May 14, 2016 by Llewellyn King Leave a Comment

By Llewellyn King

The big news coming out of the G7 meeting in Japan will not be about establishing international norms for cybersecurity. That will only get an honorable mention at best. But maybe it should get greater attention: the threat is real and growing.

Consider just these four events of the recent past:

The electric grid in Ukraine was brought down last Dec. 23 by, it is believed, the Russians. Because of its older design, operators were able to restore power with manual overrides of the computer-controlled system.

The Hollywood Presbyterian Medical Center in Los Angeles was ransomed. This crime takes place when a hacker encrypts your data and demands a ransom, often in untraceable bitcoin, to unlock it. The hospital paid $17,000 rather than risk patients and its ability to operate.

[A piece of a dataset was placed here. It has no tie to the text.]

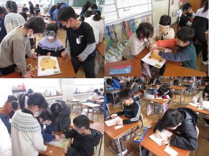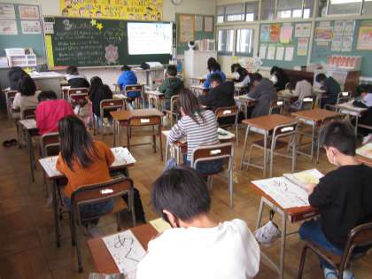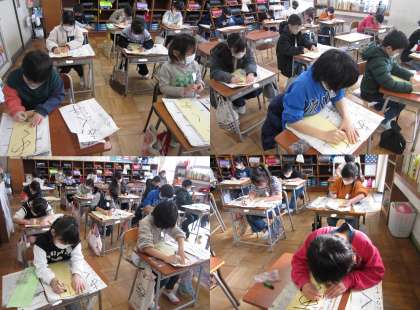 始業式の後、教室で校内書き初め大会行いました。冬休み中にたくさん練習したのでしょう。一画一画丁寧に、気合いを入れて書いている様子が伝わってきました。

While these ransom attacks are fairly common, this is the first one believed to have been launched against a hospital. Previously hospitals had thought patient records and payment details were what hackers would want, not control of the operating systems. Some of the ransoms are as low as $3,000, with the criminals clearly betting that the victims would lose much more by not settling immediately, as did the medical center. The extortionists first asked for $3.6 million.

In a blockbuster heist on the Internet, the Bangladesh central bank was robbed of $81 million. The crooks were able to authorize the Federal Reserve of New York to release the money held in an account there. They would have got away with another $860 million, if it were not for a typing mistake. In this case, the money was wired to fraudulent accounts in the Philippines and Sri Lanka.

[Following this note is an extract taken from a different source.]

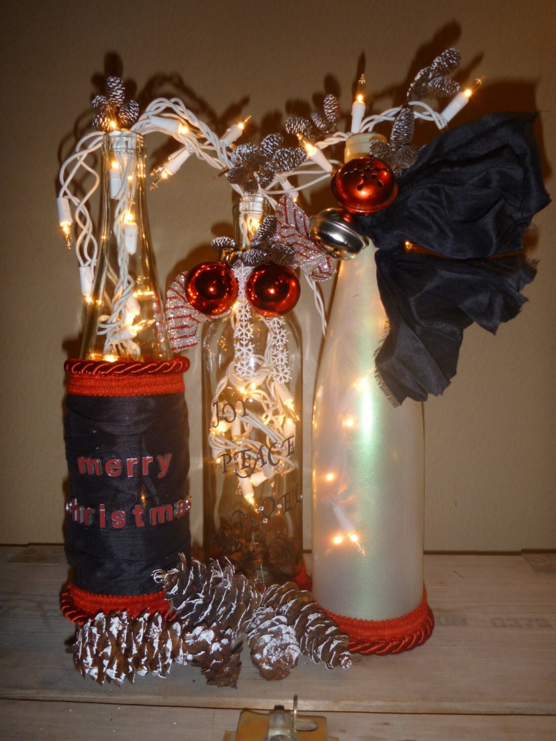 made easy by Etsy Store HellesReCreationsChristmas, Holidays, Wine, Bottle, Lights, Silver bells, Ornaments, Pinecones, Silver, Black, Red, Glittler, Handmade

Target, the giant retailer, lost millions of customer records, including credit card details, to an attack in February 2014. Since then, these attacks on retailers to get data have become common. Hackers sell credit card details on what is known as the “black web” to other criminals for big money.

Often the finger is pointed at China, which will not be at the G7. While it may be a perpetrator, it also has victim concerns. There is no reason to think that Chinese commerce is not as vulnerable as that in the West.

China, with the help of the Red Army, is blamed in many attacks, particularly on U.S. government departments. But little is known of attacks Chinese institutions sustain.

Governments want to police the Internet and protect their commerce and citizens, but they are also interested in using it in cyberwar. Additionally, they freely use it in the collection of intelligence and as a tool of war or persuasion. Witness U.S. attempts to impede the operation of the centrifuges in Iran and its acknowledged attacks on the computers of ISIS.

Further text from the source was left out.